UN AUTRE RÉVISIONNISME
DUREMENT CONDAMNÉ
Des chiffres dignes de foi, donc. Vraiment ? Mais ne seraient-ils pas gravés dans
le marbre parce que sont réduits au silence
ceux qui les contestent ? Et le VIH, rétrovirus responsable du Sida, va-t-il de soi
parce que ceux qui doutent sont
bâillonnés ? On va ici lire une autre vérité
sur le sida. Rigoureusement Verboten. Comme les révisionnistes historiques, ceux
qui infirment la vulgate sont soumis à la
plus radicale des excommunications :
exclure jusqu’à la simple mention de leur
existence. L’un des plus fameux experts
reconnus sur le sida, l’Australien John Kaldor, le proclame sans fard : « Répondre aux
arguments des sceptiques risquerait de
leur conférer une certaine respectabilité. »

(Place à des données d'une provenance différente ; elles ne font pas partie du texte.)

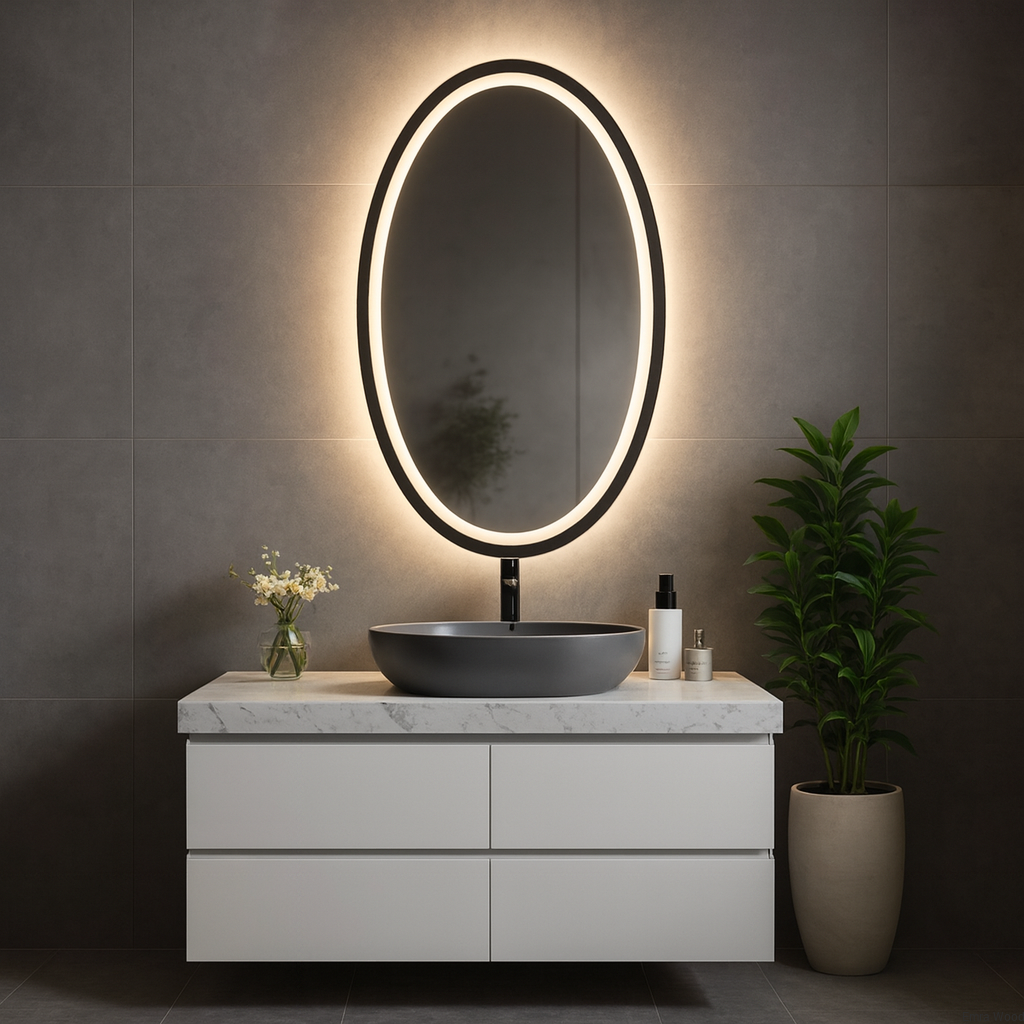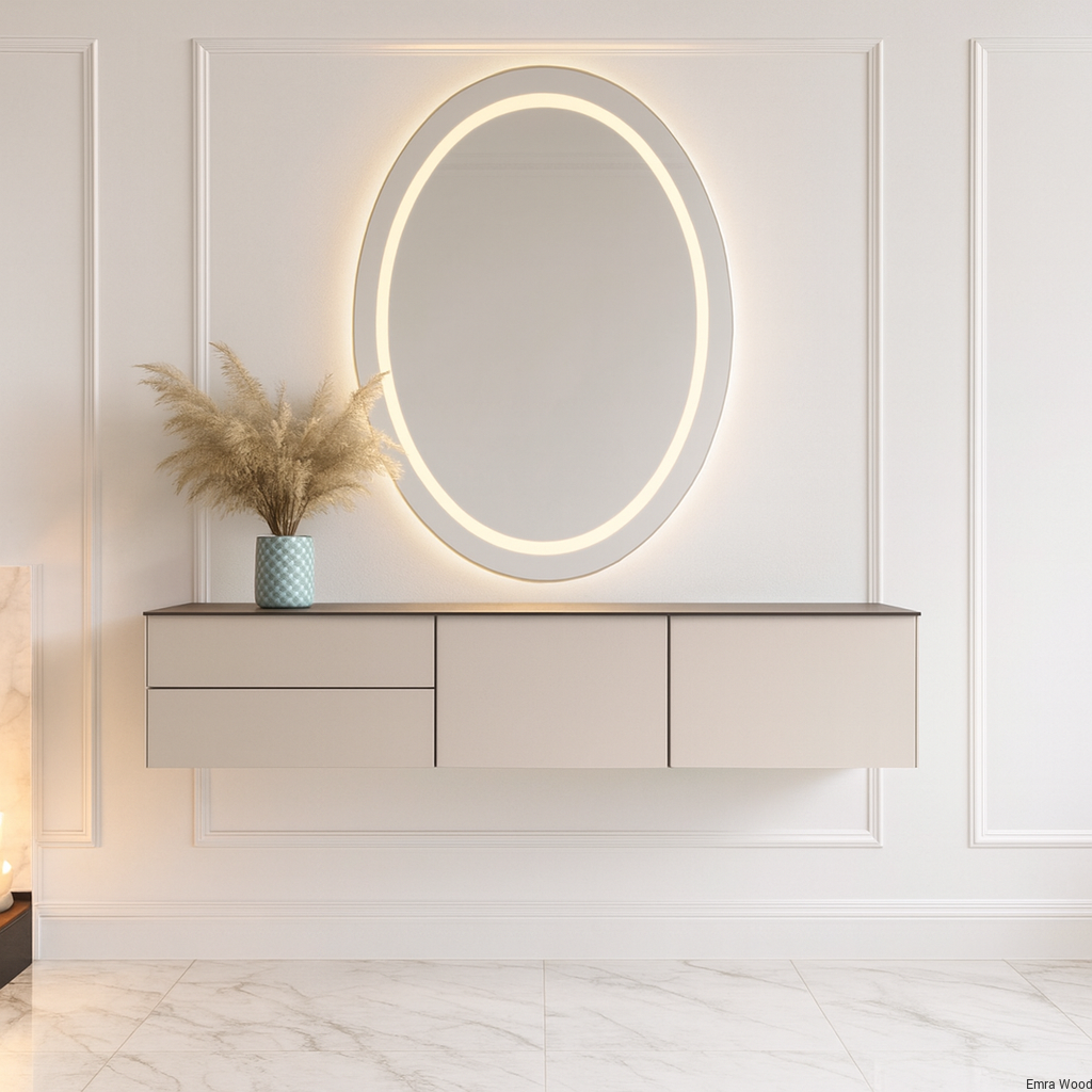 Lustro posiada mleczny piaskowany pasek LED na tafli lustra

D’ailleurs, les “sceptiques” sont un
ramassis d’imbéciles. Même si on trouve
parmi eux le Pr Kary Mullis, biochimiste,
Prix Nobel de Chimie 1993 pour ses travaux sur la technique de Réaction en
Chaîne de la Polymérase (PCR) dans la
détection de l’ADN. Ce qui en fait depuis
quinze ans le spécialiste mondial de la
recherche des fragments de VIH chez les
malades du sida. Que dit-il ? « S’il existe
une preuve que le VIH provoque le sida, il
devrait y avoir des documents qui, soit par
eux-mêmes, soit ensemble, le démontreraient au moins avec une forte probabilité.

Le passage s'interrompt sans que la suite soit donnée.